- Data section -
↓↓↓
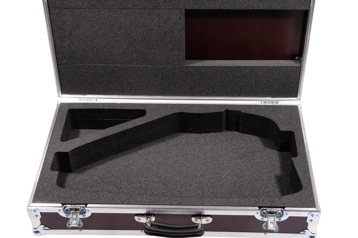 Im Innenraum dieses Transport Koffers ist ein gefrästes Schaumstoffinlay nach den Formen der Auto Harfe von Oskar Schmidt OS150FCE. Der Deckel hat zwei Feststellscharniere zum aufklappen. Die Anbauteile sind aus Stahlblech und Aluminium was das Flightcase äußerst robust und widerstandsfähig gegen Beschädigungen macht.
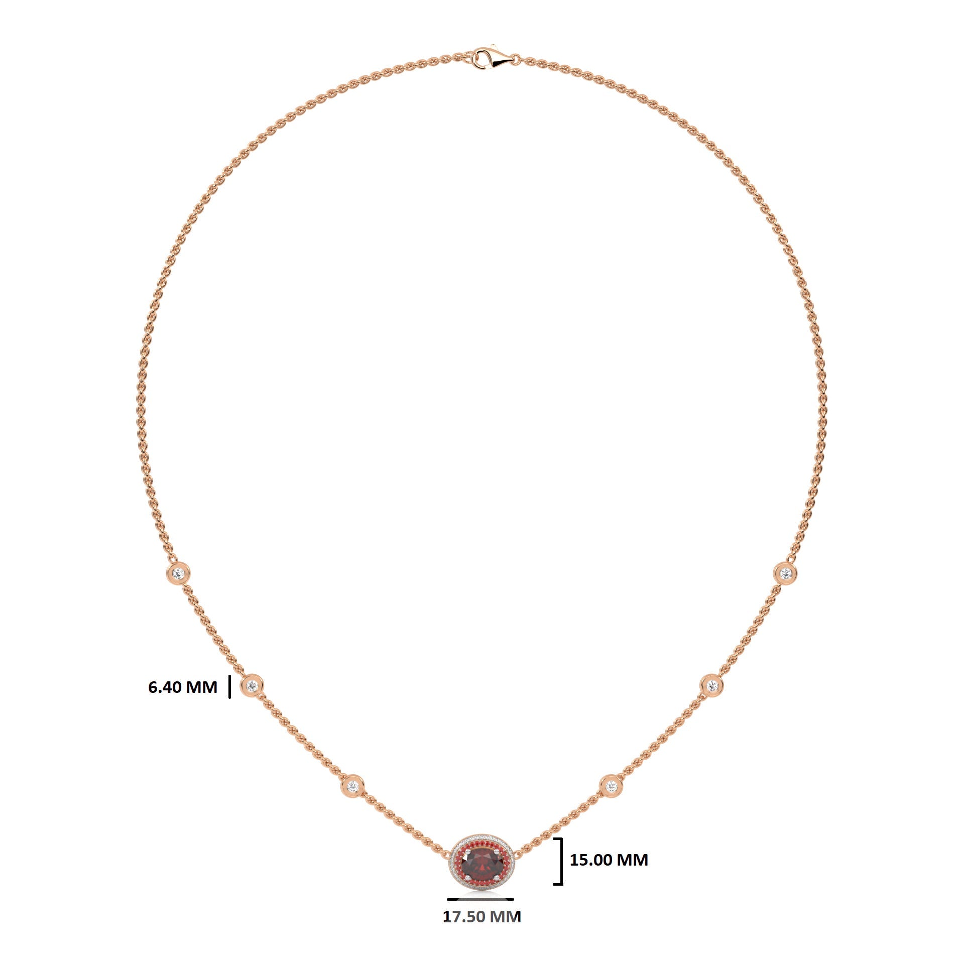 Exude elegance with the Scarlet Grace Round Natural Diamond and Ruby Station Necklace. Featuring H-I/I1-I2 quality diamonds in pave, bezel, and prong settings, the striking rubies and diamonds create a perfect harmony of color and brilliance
↑↑↑
↓↓↓
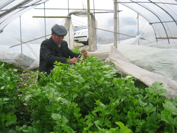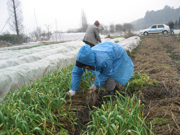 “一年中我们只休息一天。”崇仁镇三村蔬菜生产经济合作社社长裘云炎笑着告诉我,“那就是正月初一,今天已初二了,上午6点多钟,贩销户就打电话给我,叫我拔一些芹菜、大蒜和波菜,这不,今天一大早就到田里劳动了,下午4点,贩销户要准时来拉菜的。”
↑↑↑
All pictures are to be skipped. Output, word for word, the lines in the data above starting at the line containing "Im Innenraum dieses" and ending at the line containing "Exude elegance with".

 Im Innenraum dieses Transport Koffers ist ein gefrästes Schaumstoffinlay nach den Formen der Auto Harfe von Oskar Schmidt OS150FCE. Der Deckel hat zwei Feststellscharniere zum aufklappen. Die Anbauteile sind aus Stahlblech und Aluminium was das Flightcase äußerst robust und widerstandsfähig gegen Beschädigungen macht.
 Exude elegance with the Scarlet Grace Round Natural Diamond and Ruby Station Necklace. Featuring H-I/I1-I2 quality diamonds in pave, bezel, and prong settings, the striking rubies and diamonds create a perfect harmony of color and brilliance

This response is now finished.